Los conteos recientes de la colonia de pingüinos de Magallanes muestran que la cantidad de pingüinos se habría mantenido relativamente estable durante al menos 120 años y eso se debe a la gran cantidad de recursos que le ofrece el mar a esta simpática especie. “Creo que es una oportunidad única y que no tenemos que desaprovechar, porque entre todos podemos hacer algo hermoso de ese lugar y que no solamente lo puedan disfrutar unos pocos, sino que muchos puedan venir y disfrutar en familia“, afirma.
En 1995, cuando la ganadería atravesaba un momento difícil, la familia decidió mostrar qué ocurría dentro de un establecimiento rural y compartir su historia con visitantes. “Una de las posibilidades fue abrir las tranqueras al público, al turista, para que pueda ingresar y uno poder contarles qué se hace dentro de cada establecimiento”, explica Carolina. La antigua casa grande se transformó en hostería, se organizaron visitas guiadas a la pingüinera, al faro y al kilómetro cero de la ruta 40, y al pie del faro se abrió una casa de té donde los visitantes pueden resguardarse del viento y “disfrutar del fin del continente“.
Ese turismo no se presenta como un agregado superficial, sino como una herramienta de valoración. Quien llega a Monte Dinero no sólo ve pingüinos: conoce una historia familiar, una forma de vida rural, un paisaje de frontera y una reserva que necesita ser cuidada. “La mejor forma de poder hablar de este lugar es venir, conocerlo”, invita Carolina Fenton y agrega “depende de nosotros poner en valor la costa de la provincia, porque tenemos mucho para ofrecer“.

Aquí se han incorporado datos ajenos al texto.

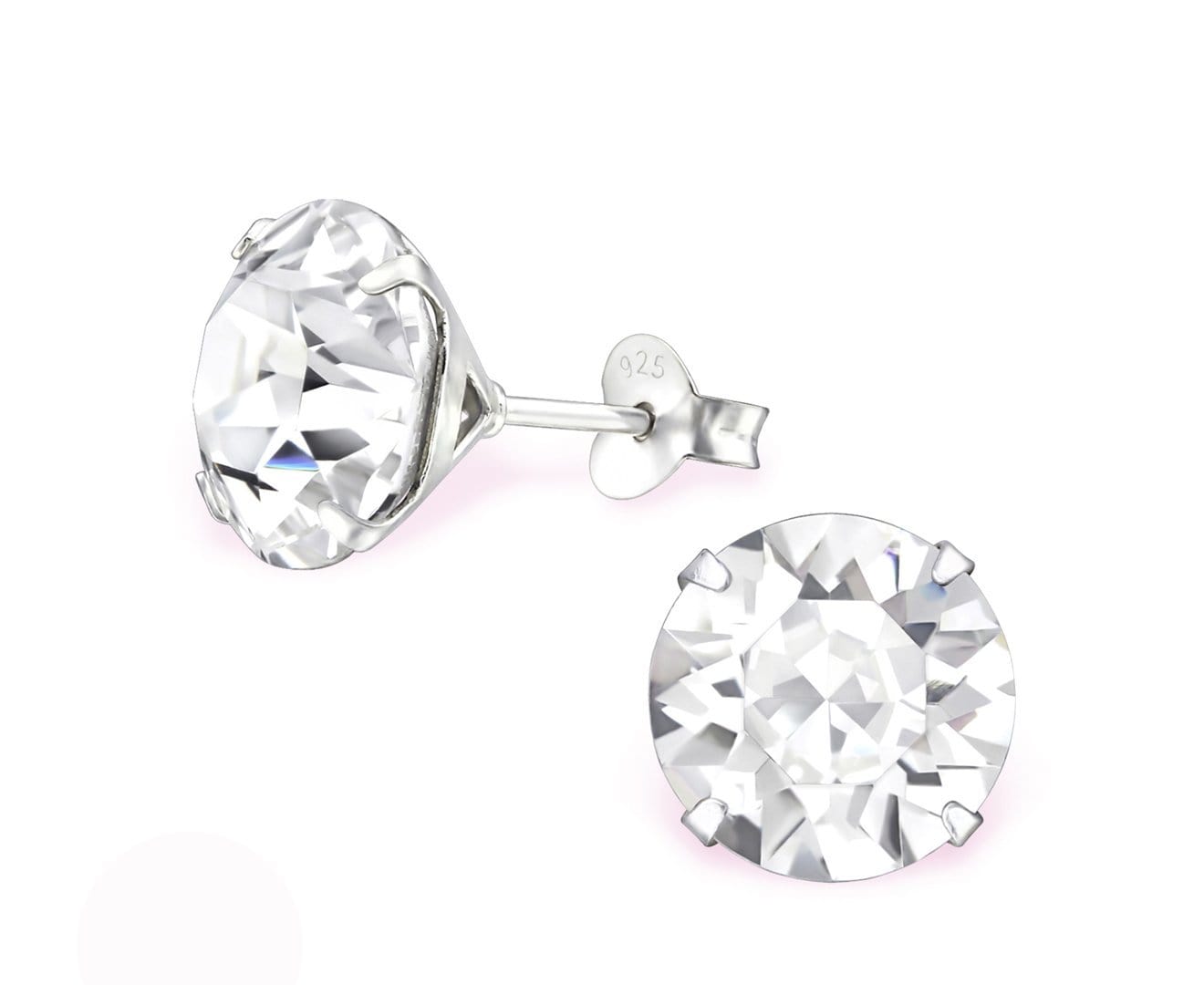 Sterling Silver Round Crystal Stud Earrings Made With Swarovski Crystal

En cabo Vírgenes, los pingüinos son los grandes protagonistas. Pero su historia reciente no puede separarse de quienes habitan ese territorio, lo recorren, lo defienden y lo abren al conocimiento público. La familia Fenton fue parte de esa trama: primero como pobladores pioneros, luego como sostén de una estancia histórica, más tarde como impulsores del turismo rural y, sobre todo, como familia que entendió que la colonia de pingüinos no era un accidente del paisaje, sino un patrimonio natural que merecía ser protegido. Gracias a la familia Fenton, por haber evitado que se instalara en medio de la colonia una petrolera, hoy cabo Vírgenes se puede disfrutar en su totalidad.